CP: You know, it gives me books. It's another reason why I keep writing. Writing gives me a way to process each of these unbearable situations.
NP: Well, finally, a lot people in the SuicideGirls community were excited that we were going to be talking with you today, so some of our Facebook friends submitted questions. Is it okay if I ask you a few questions from the community?
CP: Sure.
NP: The first question is from Lindsay Mchugh. She asks: Is there a particular character you most identify with?
CP: From now on it will be Madison Spencer. Madison Desert Flower Rosa Parks Coyote Trickster Spencer, that fat little girl who reads books.

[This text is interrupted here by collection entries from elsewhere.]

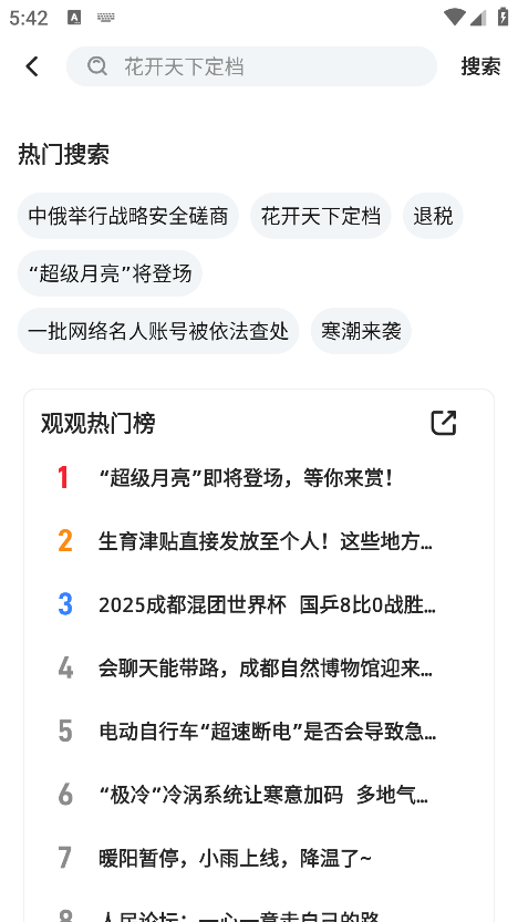 3. 使用顶部的搜索框,可以快速查找感兴趣的新闻内容。
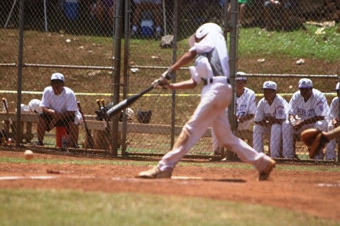 Waipio's Kaysen Kajiwara is pictured hitting an infield grounder that scored
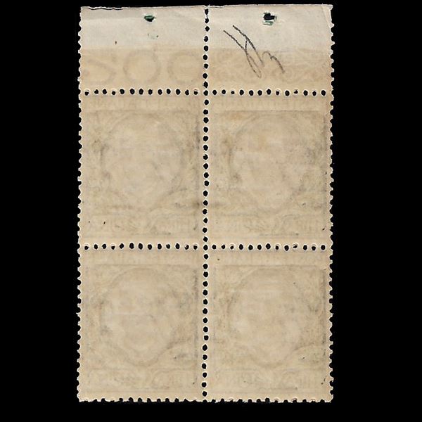 1901. 1 lire "Floreale" (Sass. N. 77). Block of four. Signature on the back on the margin of the sheet.
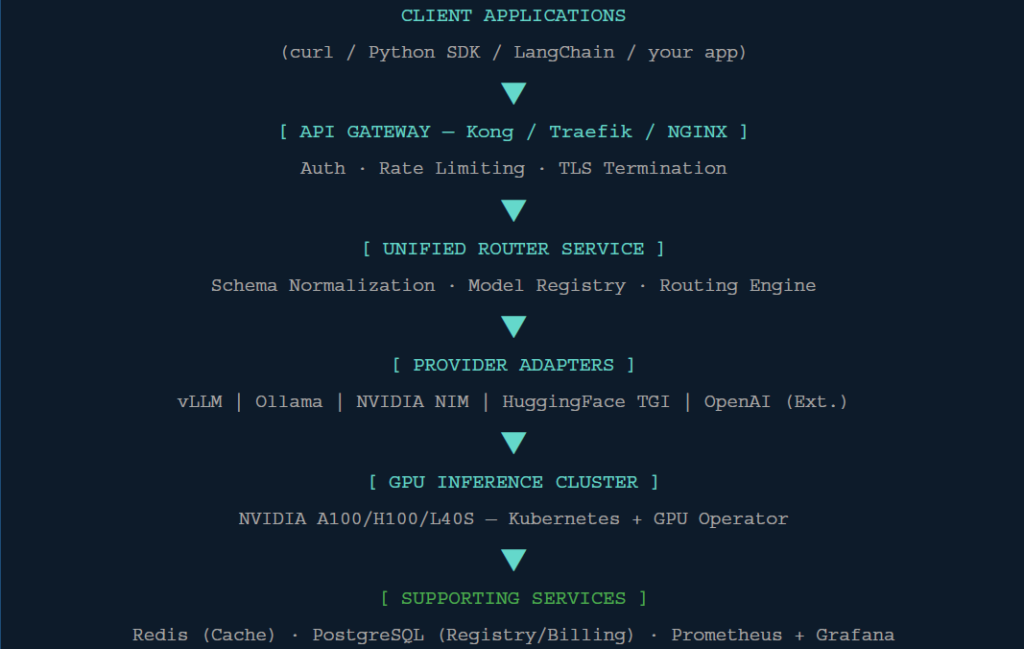 behind a single, familiar API. The same principle applies at enterprise scale on private hardware — and
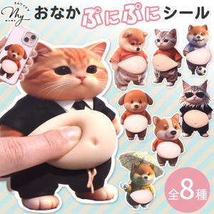 おなかシール お腹 ぷにぷに アニマル ステッカー 全8種 ゆうパケット送料無料 ■ 猫 犬 ぽっちゃり もちもち シール かわいい もっちり スクイーズ 動物 ■
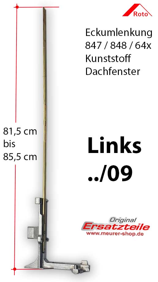 Eckumlenkung Links .../09 (98 cm) für Roto Kunststoff Dachfenster Baureihe 847 / 848 und 64x
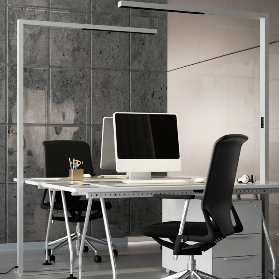 Functionele LED kantoor vloerlamp Jolinda met daglichtsensor, bewegingsmelder, dimmer en directe/indirecte verlichting Jolinda heeft een minimalistische, zeer moderne uitstraling, omdat de vloerlamp in principe slechts uit twee smalle stralen bestaat die in een rechte hoek ten opzichte van elkaar zijn geplaatst. Het licht schijnt naar boven en naar beneden, met vrijwel geen verblinding naar beneden, wat zorgt voor een zeer aangename lichtervaring die perfect is voor lange periodes van geconcentreerd werken aan het bureau. De LED vloerlamp is geschikt voor het verlichten van een bureau, dat dan wordt voorzien van helder licht. Het hoge niveau van functionaliteit moet ook worden vermeld, want Jolinda heeft niet alleen een dimfunctie, maar wordt ook geregeld via een daglichtsensor en een bewegingsmelder. Na dertig minuten afwezigheid schakelt het armatuur zichzelf uit en de daglichtsensor zorgt voor een relatief constante helderheid in de kamer, omdat het licht van de LED vloerlamp lichter of donkerder wordt afhankelijk van de helderheid buiten – met een U-vormige voet – UGR < 6 De armaturen zijn geoptimaliseerd voor een ideale, niet-verblindende en gelijkmatige verlichting van een standaard bureau van 160 cm x 80 cm. Het is daarom raadzaam om één lamp per bureau te gebruiken.
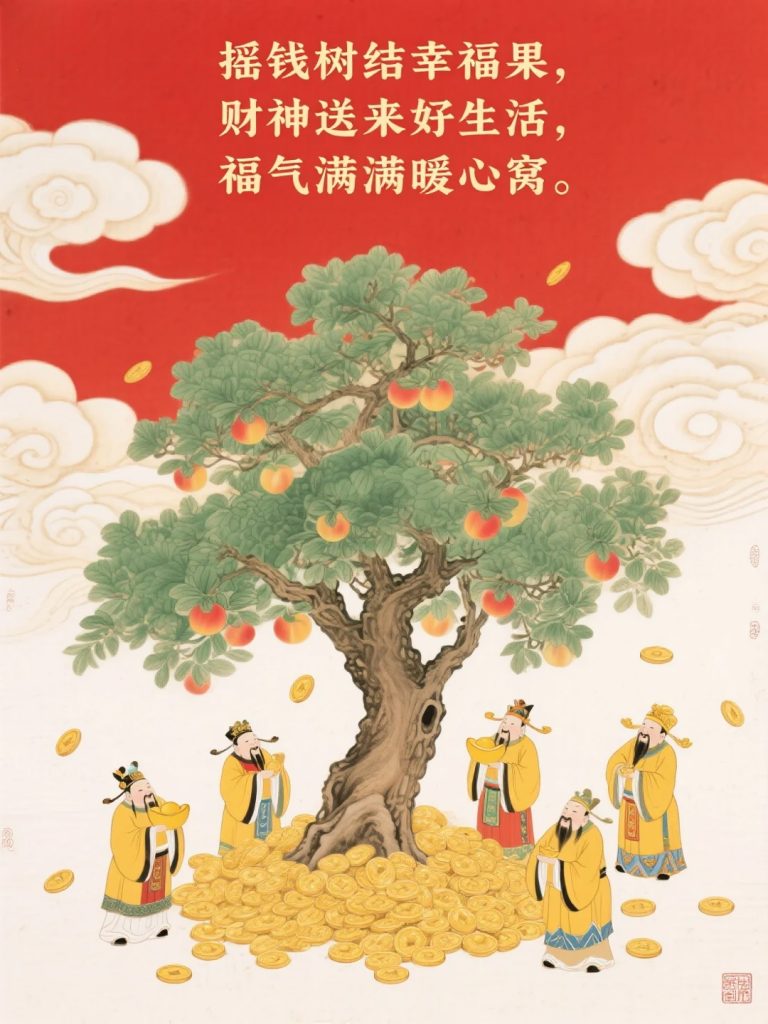 Chủ đề: Hình ảnh này lấy biểu tượng “cây tiền” (摇钱树 – Yêu tiền thụ) làm trung tâm, kết hợp với các vị thần tài, tạo nên một bức tranh về sự sung túc, trù phú và may mắn.
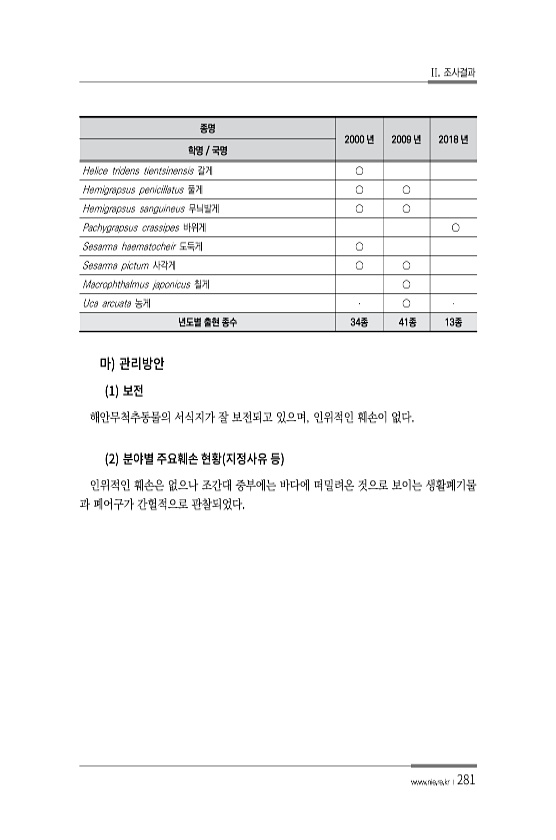 II. 조사결과 www.nie.re.kr ?281 1 해안무척추동물의 서식지가 잘 보전되고 있으며, 인위적인 훼손이 없다. 2 인위적인 훼손은 없으나 조간대 중부에는 바다에 떠밀려온 것으로 보이는 생활폐기물 과 폐어구가 간헐적으로 관찰되었다. 종명 2000 년 2009 년 2018 년 학명 국명 Helice tridens tientsinensis 갈게 ○ Hemigrapsus penicillatus 풀게 ○ ○ Hemigrapsus sanguineus 무늬발게 ○ ○ Pachygrapsus crassipes 바위게 ○ Sesarma haematocheir 도둑게 ○ Sesarma pictum 사각게 ○ ○ Macrophthalmus japonicus 칠게 ○ Uca arcuata 농게 ○ 년도별 출현...

NP: The next question is from Johnny Reid: Do you find it more enjoyable to write female or male protagonists in your books, and which is easier or more comfortable?
CP: I kind of see them as equal because I almost write genderless characters. Madison is preadolescent and so she's genderless in that way. The narrator in my last book was a very old woman so she was kind of post gender, or post genitally sexual. Beyond that, my characters are pretty much based on action, so I see their names as either male or female, but I don't see them as one gender or the other.

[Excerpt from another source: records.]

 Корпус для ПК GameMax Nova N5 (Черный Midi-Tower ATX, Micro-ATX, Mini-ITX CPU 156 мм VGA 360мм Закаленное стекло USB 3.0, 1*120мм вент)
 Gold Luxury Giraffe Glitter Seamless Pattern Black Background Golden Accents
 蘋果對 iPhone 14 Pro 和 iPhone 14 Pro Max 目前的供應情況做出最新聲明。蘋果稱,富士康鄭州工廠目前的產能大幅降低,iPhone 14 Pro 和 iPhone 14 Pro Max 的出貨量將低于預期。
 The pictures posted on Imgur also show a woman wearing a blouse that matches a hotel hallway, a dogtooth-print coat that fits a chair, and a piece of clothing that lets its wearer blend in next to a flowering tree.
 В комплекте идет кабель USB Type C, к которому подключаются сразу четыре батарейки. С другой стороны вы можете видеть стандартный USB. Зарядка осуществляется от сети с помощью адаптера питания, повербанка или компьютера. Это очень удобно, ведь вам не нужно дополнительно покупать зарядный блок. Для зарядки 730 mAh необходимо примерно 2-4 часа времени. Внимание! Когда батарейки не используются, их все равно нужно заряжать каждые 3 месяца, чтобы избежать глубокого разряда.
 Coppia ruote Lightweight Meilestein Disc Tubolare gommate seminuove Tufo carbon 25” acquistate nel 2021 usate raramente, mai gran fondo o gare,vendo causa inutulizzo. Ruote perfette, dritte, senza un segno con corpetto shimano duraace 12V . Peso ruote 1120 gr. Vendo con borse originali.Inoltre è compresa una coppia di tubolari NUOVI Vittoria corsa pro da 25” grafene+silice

NP: This question is from Raven Phoenix: Would you ever consider writing a sequel to Fight Club, given the popularity of the book and the movie?
CP: Of course I would consider it, but there's so many other great ideas out there that I would love to explore instead of that.

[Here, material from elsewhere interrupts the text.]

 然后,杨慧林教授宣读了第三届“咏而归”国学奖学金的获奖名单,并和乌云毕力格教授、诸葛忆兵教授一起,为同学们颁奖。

NP: This one's from Joby Cole: I'm a big fan of Snuff and would like to know which character you sympathize with the most and why?
CP: The Sheila character, the one who is kind of pulling all of the strings. I think it's the writer who is making things happen and setting things up. That's why I identify with Sheila.
NP: You are the puppet master.
CP: You kind of have to be.
NP: And a final question from Cara Stevens: "Are you still an insomniac?"
CP: No, I'm not. I discovered Ambien, so I more or less asleep all the time now, day and night.
NP: Do dreams help you write?
CP: No, but the best time to write is when I first wake up in the morning, before I've heard any language, any music, before anybody has talked to me. That is just a fantastic time to write.
NP: I always find that if I write and then sleep on something, I'll wake up in the morning absolutely knowing what I need to fix, what I haven't fact checked or what I've got wrong...In the morning things just bubble to the surface.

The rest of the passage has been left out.